Random matrix theory and critical phenomena in quantum spin chains

TL;DR

This paper analyzes quantum spin chains solvable via free fermions, computes their critical exponents and correlators, and demonstrates the universality of these critical properties across different symmetry classes.

Contribution

It provides exact calculations of critical exponents and correlators for a broad class of quantum spin chains related to classical compact groups, establishing their universality.

Findings

Critical exponents s, ν, z computed for various models.

Ground state correlators exhibit quasi-long-range order.

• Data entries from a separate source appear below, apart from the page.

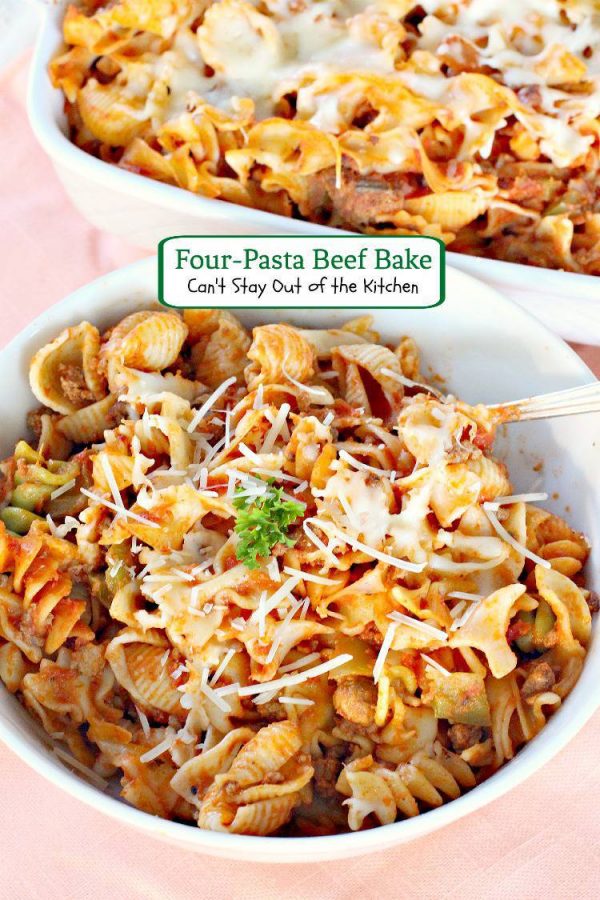 Four-Pasta Beef Bake is an excellent option for making a freezer meal. Cover and freeze before baking and then bake it a couple of hours or until done, straight from the freezer.
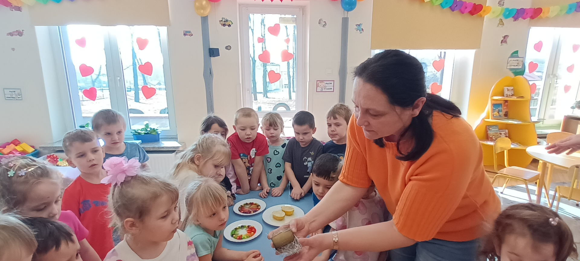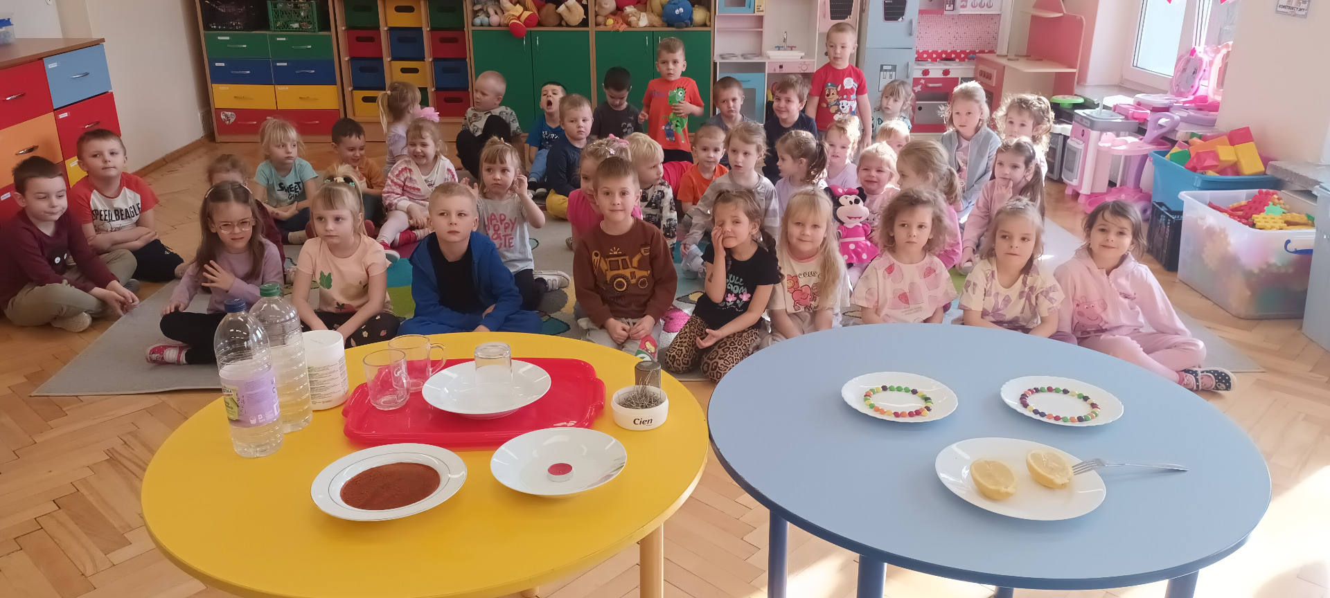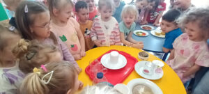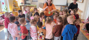 Przedszkolaki bacznie obserwowały doświadczenia, które zostały przygotowane przez wychowawczynie poszczególnych grup. Wykonywane eksperymenty zachęcały do myślenia, porównywania, opowiadania. Z wykonanych eksperymentów dzieci czerpały wiele radości, była to wspaniała zabawa dla nich.
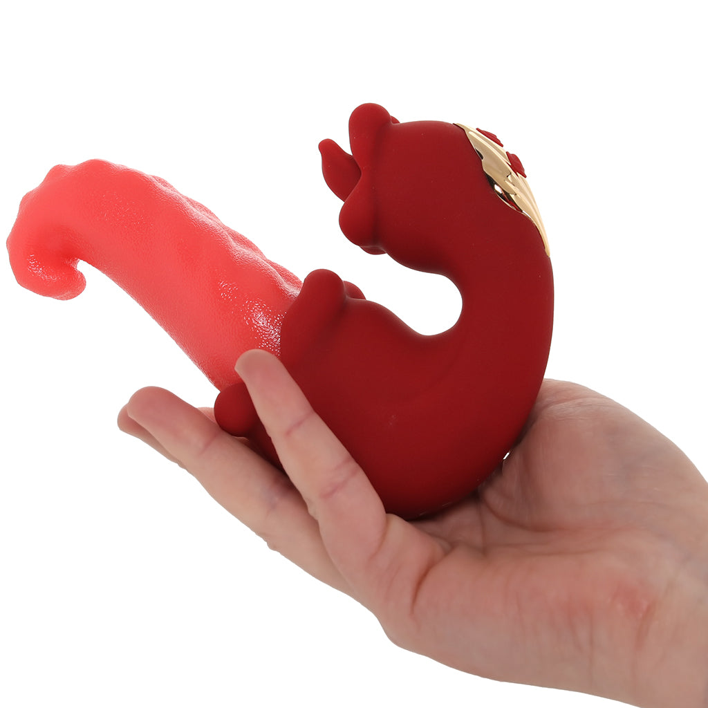 Down below, the smaller tongue keeps things light and teasing with rhythmic pulses you can actually feel building. Up top, the big ripply one rotates and vibrates, shifting pressure inside instead of staying in one place. Every setting changes how it moves, so the sensation keeps evolving .
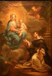 Keywords: Conca-Rosaire.jpg ~ 1740 1750 Oil on canvas cm 52 35 Institution Musée des Beaux-Arts Nimes object history Legs Tur en 1948 credit line accession number IP 1391 own Robert Valette PD-old-100 Photo Uploaded with UploadWizard Musée des Beaux-Arts de Nîmes Sebastiano Conca Saint Dominic receives the Rosary

Universality of critical exponents confirmed across symmetry classes.

Abstract

We compute critical properties of a general class of quantum spin chains which are quadratic in the Fermi operators and can be solved exactly under certain symmetry constraints related to the classical compact groups $U(N)$, $O(N)$ and $Sp(2N)$. In particular we calculate critical exponents $s$, $\nu$ and $z$, corresponding to the energy gap, correlation length and dynamic exponent respectively. We also compute the ground state correlators $\left\langle \sigma^{x}_{i} \sigma^{x}_{i+n} \right\rangle_{g}$, $\left\langle \sigma^{y}_{i} \sigma^{y}_{i+n} \right\rangle_{g}$ and $\left\langle \prod^{n}_{i=1} \sigma^{z}_{i} \right\rangle_{g}$, all of which display quasi-long-range order with a critical exponent dependent upon system parameters. Our approach establishes universality of the exponents for the class of systems in question.